View on GitHub

Election-Analytics

Introduction (9.12.20)

A Primer

This week, I worked with two bare-bones datasets. One relayed national popular vote totals in presidential elections, and the other contained state-by-state totals of the same information. For the below content, I focused on outcomes in the last 40 years, starting with the 1980 election.

These datasets lack predictive power because electoral outcomes are not wholly dependent on prior outcomes. Instead, I will create a predictive model in later weeks using a diverse set of benchmarks and indicators.

As a result, this week is focused on data exploration. Namely, I set out to analyze any simple trends hidden within these CSV files and plot them with the ggplot library.

I first observed general variations in the national vote share between the two major parties (Republican and Democrat). Uniquely, most Americans internalize the results of elections through Electoral College votes, since they decide the winner. The general public largely disregards the popular vote, which can mask discrepencies between the two outcomes.

The current data only focus on the popular vote, so I am undergoing a descriptive analysis to answer two questions.

(1) Do vote shares vary much from election to election?

(2) Which state is the largest outlier in two-party vote share versus the national trend?

To answer these questions, I cleaned both datasets and added variables for vote margin and vote swing. I then graphed Republican two-party vote share versus year for each state. I also added a national trendline to accentuate the average.

National Vote Share Trends

This visualization yields three distinct conclusions:

First, although certain states have deviated from a split two-party vote share in certain electoral cycles, “landslide” electoral victories like Reagan in 1984 (where he lost one state and Washington, DC) do not carry nearly the same magnitude in terms of the popular vote. So, to answer question 1, vote shares do not vary nearly as much as previously thought.

Second, elections are getting closer. Results in this millennium tend to be closer to 50% than those previous. There are a variety of reasons behind this, but an important one may be polarization of the electorate. While many voters may have swung Republican in 1984, there may simply be fewer swing voters.

Finally, DC is the only major outlier. The large majority of the 50 states are consistently within 15 points of the national two-party vote share, but the District of Columbia is the only state where Republicans have won less than 25% of the two-party vote share within the timeframe. Without hesitation, the District has voted overwhelmingly Democrat in every cycle since 1980, and their Democrat leaning seems to only be increasing.

There are two extensions for this visualization that will be improved upon in the next few weeks: (1) x-axis breaks corresponding to election years and (2) a horizontal line at 50%, signifying an even split in the two-party vote share. These should improve the graph’s readability and allow the reader to more easily garner its conclusions. Another extension for the next few weeks is to plot national popular vote share versus electoral vote share, which could lead to some interesting visualizations.

Additionally, I analyzed within-state trends since 1980. Generally speaking, states fall into one of three categories in electoral politics: red (consistently Republican), blue (consistently Democrat), or purple (a swing state). I picked an example of each of these states to work with. For a red state, I chose Mississippi, which has voted Republican in every election within the timeframe.
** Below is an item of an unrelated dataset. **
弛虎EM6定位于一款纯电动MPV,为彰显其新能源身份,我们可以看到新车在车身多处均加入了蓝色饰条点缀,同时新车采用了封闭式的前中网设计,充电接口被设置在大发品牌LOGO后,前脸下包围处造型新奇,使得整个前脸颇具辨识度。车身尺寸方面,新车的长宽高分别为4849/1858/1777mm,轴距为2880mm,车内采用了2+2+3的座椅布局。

For blue, my home state of New Jersey is commonly seen as a Democratic stronghold. Lastly, I selected Colorado as the purple state due to its tendency to swing between the two parties.

I sought to answer these questions with a visualization:

(1) How large are the differences in Republican margin of victory/defeat between these three states?
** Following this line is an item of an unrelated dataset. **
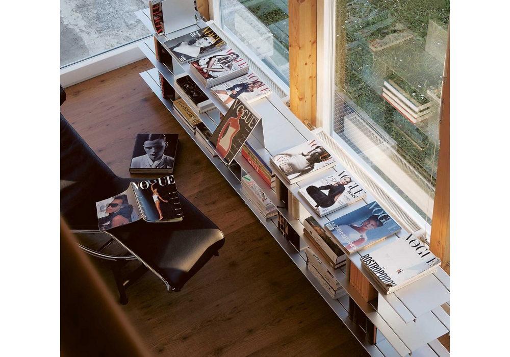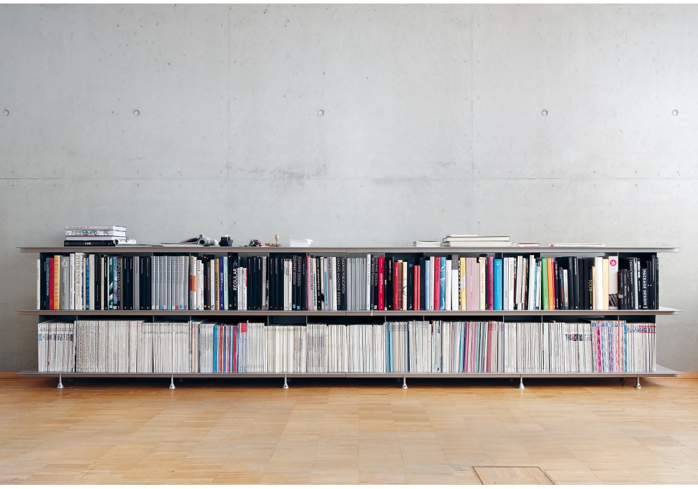 Zoll D conçue par Lukas Buol & Marco Zünd pour Moormann est une bibliothèque modulaire au design minimaliste et fonctionnel en aluminium anodisé argent. Disponible en différents modèles.

(2) How can I effectively show these differences in a simple, straightforward manner?

I created a violin plot of the Republican margin of victories in the three states post-1980.

Intrastate Trends

There are three takeaways from the graph:

(1) Using a violin plot helps visualize the high density of wins for Republicans and Democrats in their respective states. Colorado’s wider shape around smaller margins of victories and defeats helps the reader infer that it is a swing state, even if the color was not there as a guide.
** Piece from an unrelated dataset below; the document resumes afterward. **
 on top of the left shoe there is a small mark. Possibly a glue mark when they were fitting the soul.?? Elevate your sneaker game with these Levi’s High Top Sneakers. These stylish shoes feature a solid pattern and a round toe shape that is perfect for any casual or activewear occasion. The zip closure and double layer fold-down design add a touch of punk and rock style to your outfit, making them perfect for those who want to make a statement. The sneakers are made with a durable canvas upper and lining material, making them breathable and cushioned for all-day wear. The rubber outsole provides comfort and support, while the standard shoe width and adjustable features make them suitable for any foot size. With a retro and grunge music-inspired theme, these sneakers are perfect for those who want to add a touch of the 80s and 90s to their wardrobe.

(2) At this level of focus, the separate voting patterns of red and blue states are distinguishable to the naked eye. By using less ink, it is clearer to see what makes Mississippi and New Jersey different in a way that the first plot could not offer.

(3) While Colorado is a swing state today (and borderline Democrat), it used to vote Republican fairly reliably. Similarly, although New Jersey is indeed blue, it does have three Republican victories since 1980.

A potential extension of this graph would be to create a Shiny app that allowed the reader to pick their own red, blue, and purple states. I also debated adding repelled labels using the ggrepel library, but decided against it due to decreased readability. That said, labeling the outliers could help readers easily ascertain when exactly New Jersey voted Republican.